EVALUATING NNU-NET FOR EARLY ISCHEMIC CHANGE SEGMENTATION ON NON-CONTRAST COMPUTED TOMOGRAPHY IN ACUTE ISCHEMIC STROKE PATIENTS (ID 1038)
Abstract
Group Name
On behalf of Circle Neurovascular Imaging, Inc. and the University of Calgary Stroke Program
Background And Aims
Detecting and delineating early ischemic changes (EIC) on non-contrast CT (NCCT) is a challenging but important step in diagnosing and treating patients with acute ischemic stroke (AIS). Our aim was to develop an automated tool that can identify EICs on NCCT accurately.
Methods
We implemented a 3D Convolutional Neural Network (CNN) based on Isensee’s nnU-Net to segment EIC in NCCT. Our dataset included 538 images labelled for EIC by expert neuro-radiologists, of which 438 were used for model development and 100 were used for testing. The interrater lesion segmentation agreement between the two experts on the test dataset was used as the benchmark against which the model’s performance was tested (Figure 1). Volumetric measurements were compared using Pearson’s r. Spatial measurements were evaluated using Dice Similarity Coefficient (DSC) on lesion-positive only cases as DSC is not well defined on lesion-negative cases.

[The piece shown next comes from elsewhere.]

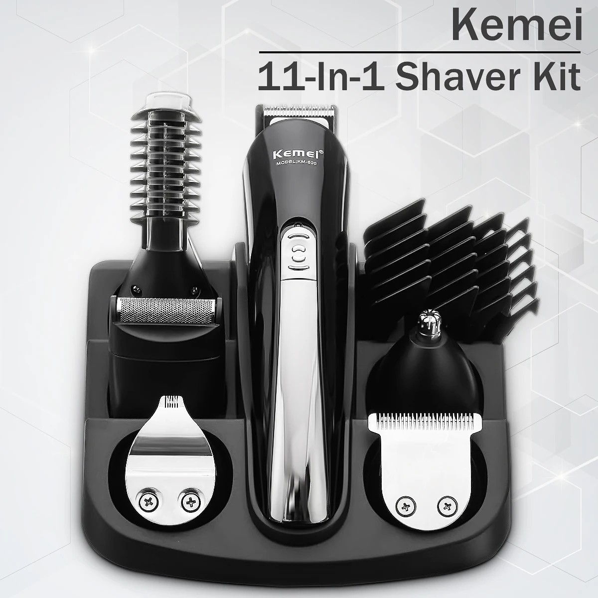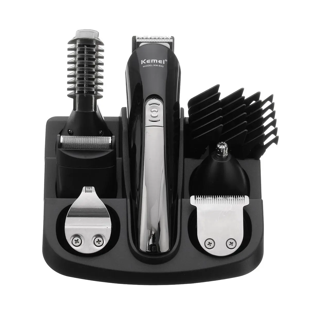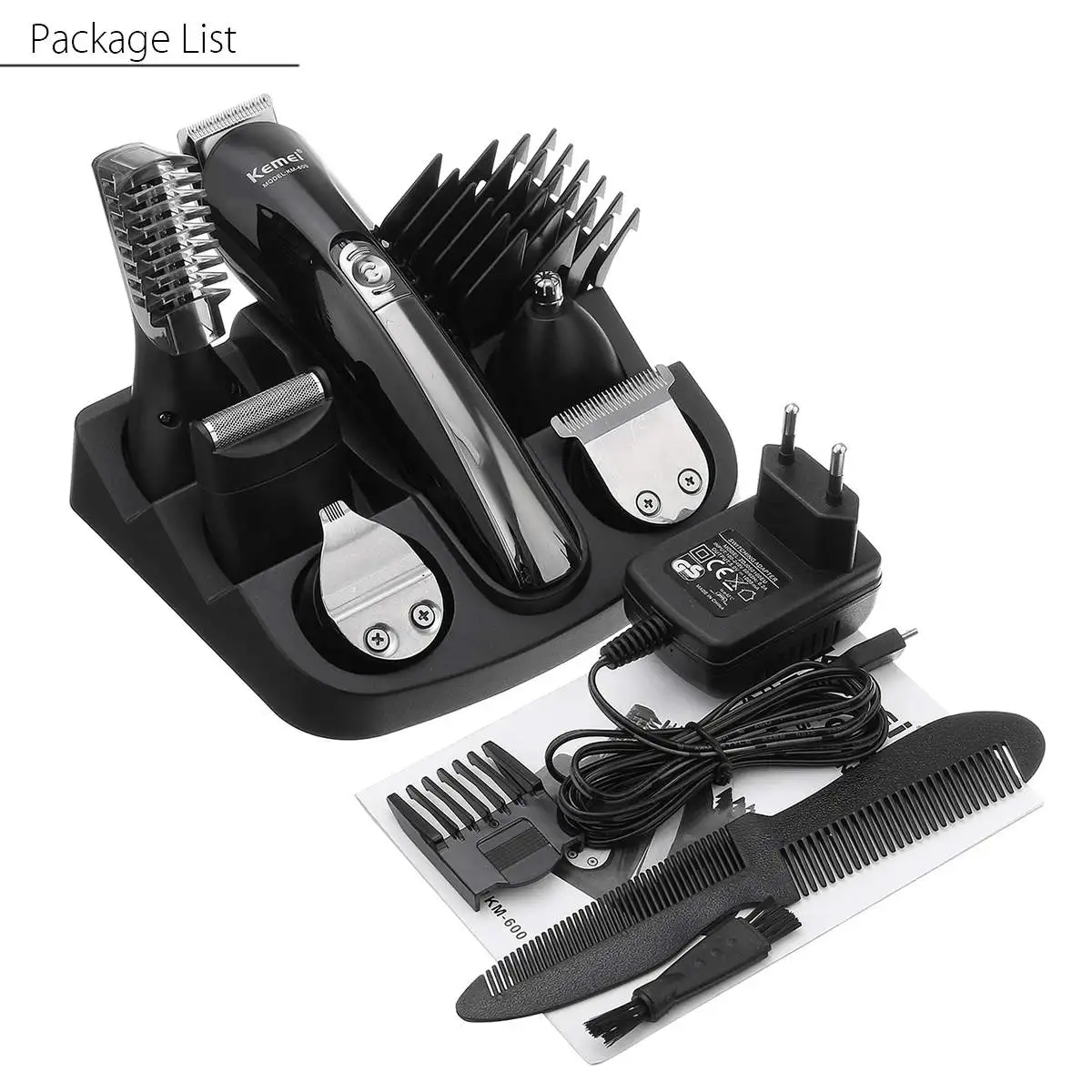 Особенности:1. Это Набор для стрижки волос 11 в 1. Вы можете использовать различные аксессуары для бритья участков волос и удаления раздражающих ушных волос, бровей и волос на лице.2. Различные точные концевые расчески: 3 мм, 6 мм, 9 мм, 12 мм, свободно и легко контролировать длину волос, удобно делать различные стили волос, подходит для любого возраста.3. Оснащен базой, которая позволяет положить все виды аксессуаров аккуратно и упорядоченно собрать для удобного хранения и переноски.4. Встроенная перезаряжаемая батарея, 8 часов зарядки, может использоваться до 20 дней. Характеристики:Название: машинка для стрижки волосМодель: KM-600Бренд: KEMEIЦвет: черныйМатериал: АБС (акрилонитрил бутадиен-стирол)Напряжение: AC100-240V/50-60 ГцМощность: 5 ВтВремя зарядки: 8 чВремя работы: 2 ч (полная зарядка может бриться около 20 раз)Выход: DC5V/1AВвод клипера: DC3.6VТип вилки: штепсельная вилка европейского стандартаЕмкость аккумулятора: 600 мАч Посылка включает в себя:1x машинка для стрижки1x Шнур Питания1x Руководство пользователя1 основание1x щетка1x Desugn триммер1x точный триммер1x триммер для носа1x микро-бритва1x триммер для тела4x направляющие расчески для полноразмерного триммера и точного триммера (3 мм/6 мм/9 мм/12 мм)1x направляющая расческа для триммера тела1x направляющая Расческа для точного триммера1x гребень Примечание:1. Не помещайте машинку для стрижки под прямыми солнечными лучами, рядом с жаром или огнем.2. Не допускайте контакта сетчатого лезвия с острыми или твердыми предметами, включая ногти. Он чрезвычайно тонкий и может повредиться и повредить вашу кожу.3. Если клипер или шнур повреждены каким-либо образом, обратитесь в центр обслуживания. Не пытайтесь самостоятельно отремонтировать бритву.

Figure 1: An example showing the three segmentations, namely, Reader-1, Reader-2, and nnU-Net segmentations shown in red, green, and blue, respectively.
Results
Pearson’s r [95% CI] between the two expert readers, the model and Reader-1, and the model and Reader-2 were 0.95 [95% CI 0.88-1.00], 0.86 95% CI [0.78-0.94] and 0.85 [95% CI 0.77-0.92], respectively. Median DSC [interquartile range (IQR); number of positive cases included (N)] between the two expert readers was 54.8% [40.7%-69.2%; 85], 41.7% [22.0%-59.9%; 85] between model and Reader-1, and 42.3% [14.3%-59.3%; 85] between model and Reader-2.
Conclusions
nnU-Net can segment EIC on NCCT with reasonable accuracy when compared to the human gold standard i.e., an expert neuro-radiologist.